The ‘Now and Then’ column with Aled Jones: Bridlington harbour’s south pier
Avid collector of Bridlington-based postcards and local photographer Aled Jones has compiled another ‘now and then’ scene for readers to enjoy – this time of the harbour’s south pier.
Mr Jones compares and contrasts a postcard from 1963 with one of his modern day photographs.
Mr Jones said: “The beautiful south pier at Bridlington is one of the town’s most renowned landmarks and rightly so, as the building is listed at Grade II for having special historical and architectural interest.
“Built between 1843 and 1848 it’s the expert work of one James Walker, a nationally notable mid-19th century civil engineer.
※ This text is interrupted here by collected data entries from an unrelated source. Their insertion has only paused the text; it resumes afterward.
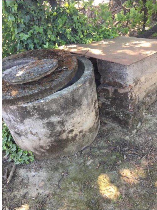
Imagen N° 8: Pozo contiguo a mi vivienda, construido originalmente con el objeto de abastecerme de agua, no obstante, actualmente se encuentra en desuso, dada la contaminación de las napas subterráneas como consecuencia del vertimiento irregular de RILes realizado por la empresa acusada.
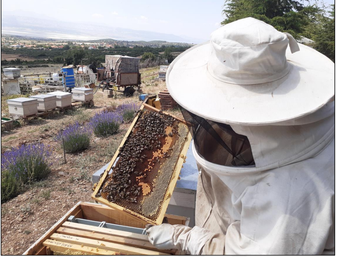
Şekil A.11. Arı kovanında varova kontrolü
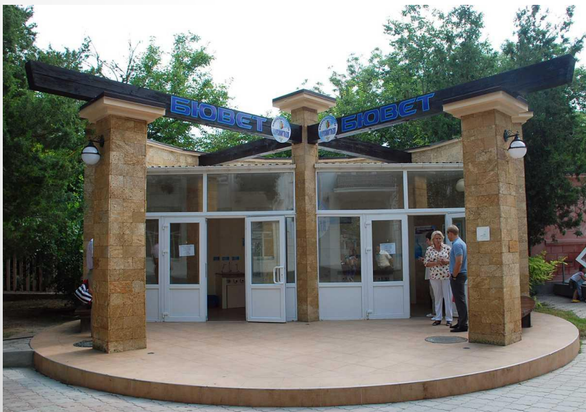
Бювет минеральной воды в г.Евпатория
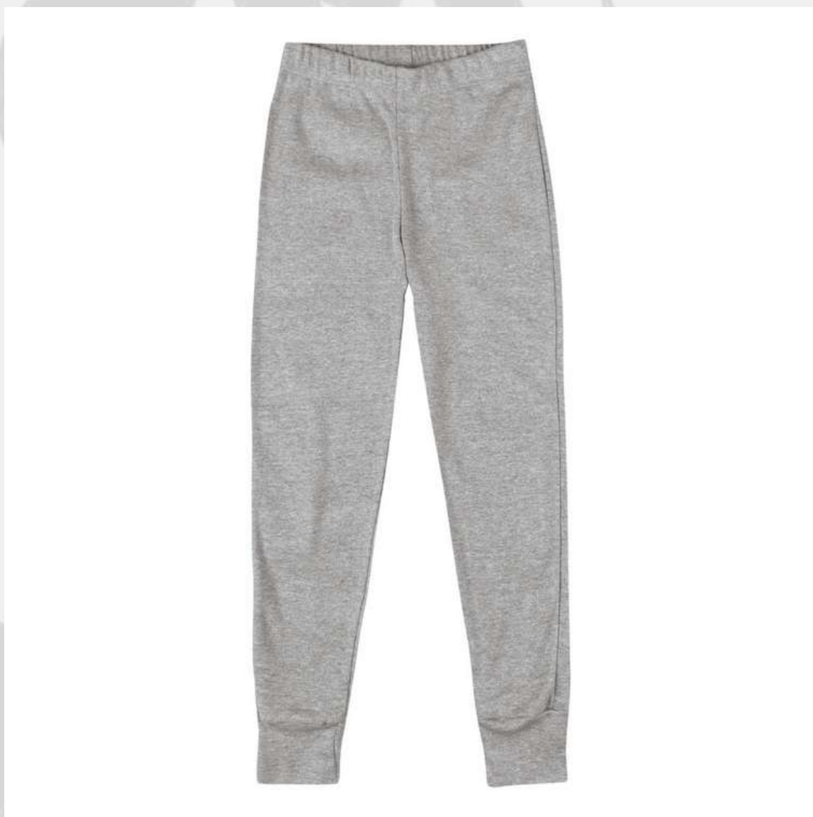
Calça Moletom sem Bolso (1 aos 14 anos)

“In this increasingly busy and complicated world the thing many of us crave is peace, and a quiet stroll along the south pier is often the perfect antidote.
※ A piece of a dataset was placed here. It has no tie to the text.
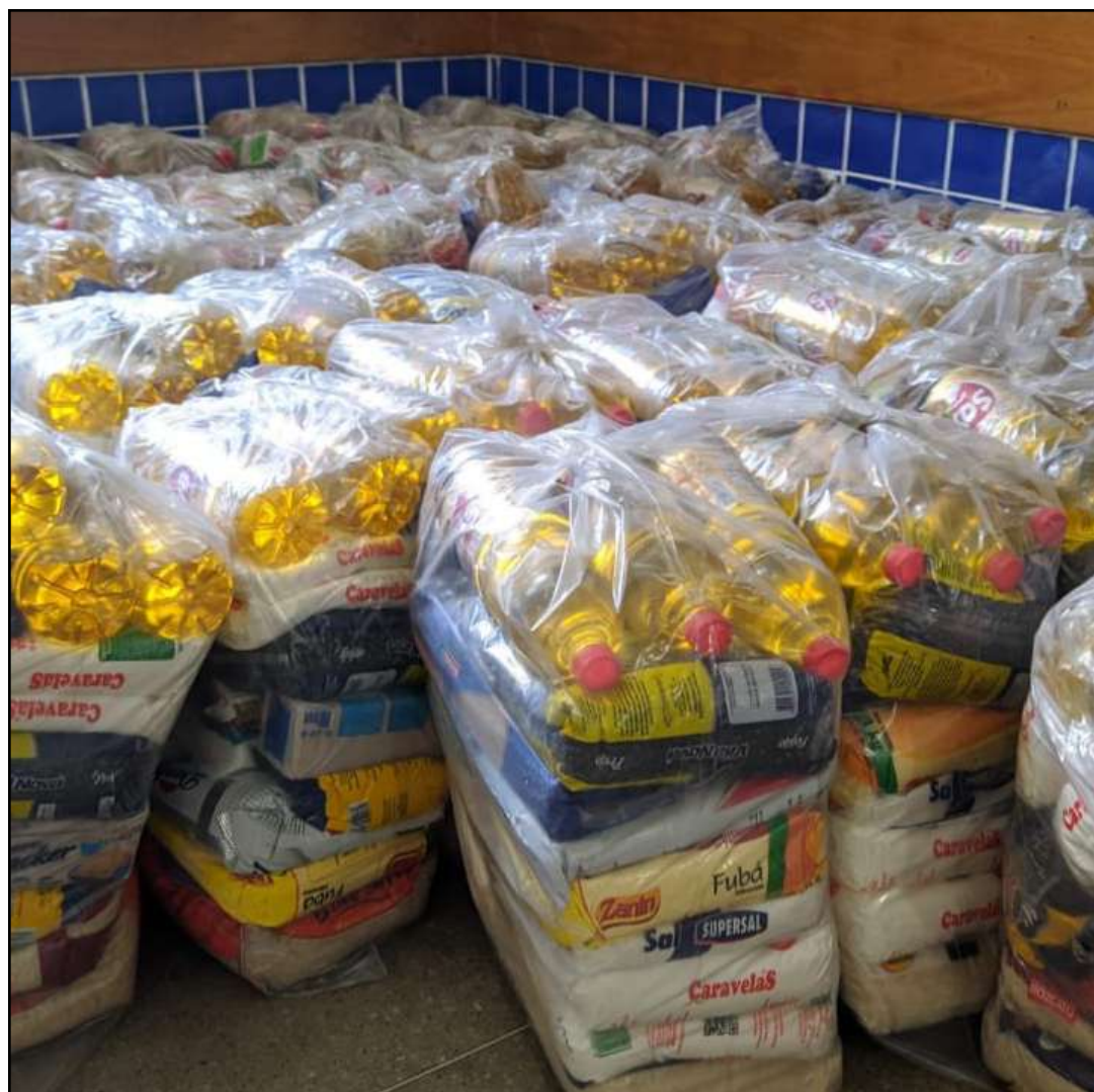
Insegurança alimentar ainda afeta 4,1% da população

com o Ministério do Desenvolvimento e Assistência Social, Família e Combate à Fome (MDA), usando como referencial metodológico a Escala Brasileira de Insegurança Alimentar (EBIA), que permite a identificação e classificação dos domicílios de acordo com o nível de segurança alimentar de seus moradores.

“When you add the traditional cobles and fishing boats, the later lined up in beautifully neat rows, there is so much charm and character to be found as well.
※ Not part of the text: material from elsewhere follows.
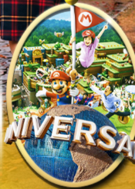
อิสระเลือกซื้อบัตร Universal Studios Japan

“The overall effect is something beyond price and a veritable inheritance for future generations to enjoy.
“The colourful vintage postcard on show here this week features the south pier and adjacent seafront areas as they used to look in the swinging Sixties, the card is clearly date stamped 2nd October, 1963.
“As you can see from the modern photographic comparison, the south pier has altered very little over the last six decades or so, apart from such minor details as a wide stone extension directly in front of the Crane Wharf (this being for a marine diesel filling station), and the extra lighting added in very recent times.
“It’s also interesting to note how much taller the Lawrence Complex building, situated at the front of the pier, now is compared to when the picture postcard was taken, the function of the extra storey being hotel accommodation.
“The area is traditionally known as Gummers Landing, a former RAF air/sea rescue launch point.
“Another comparison of the two photographs will reveal that the large one-storey building that once joined onto the Spa Royal Hall has been demolished without a trace.
“It was part of the new facilities that were built after the 1932 fire and was formerly a public lavatory.
“Note, as well, to the top right of the old postcard, the major modifications to two properties on the corner of West Street, which appear to have been built in the early to mid-Victorian era, because of their attractive bow windows and classical porches.
“They have both been carelessly adapted for use as a restaurant and take-away.”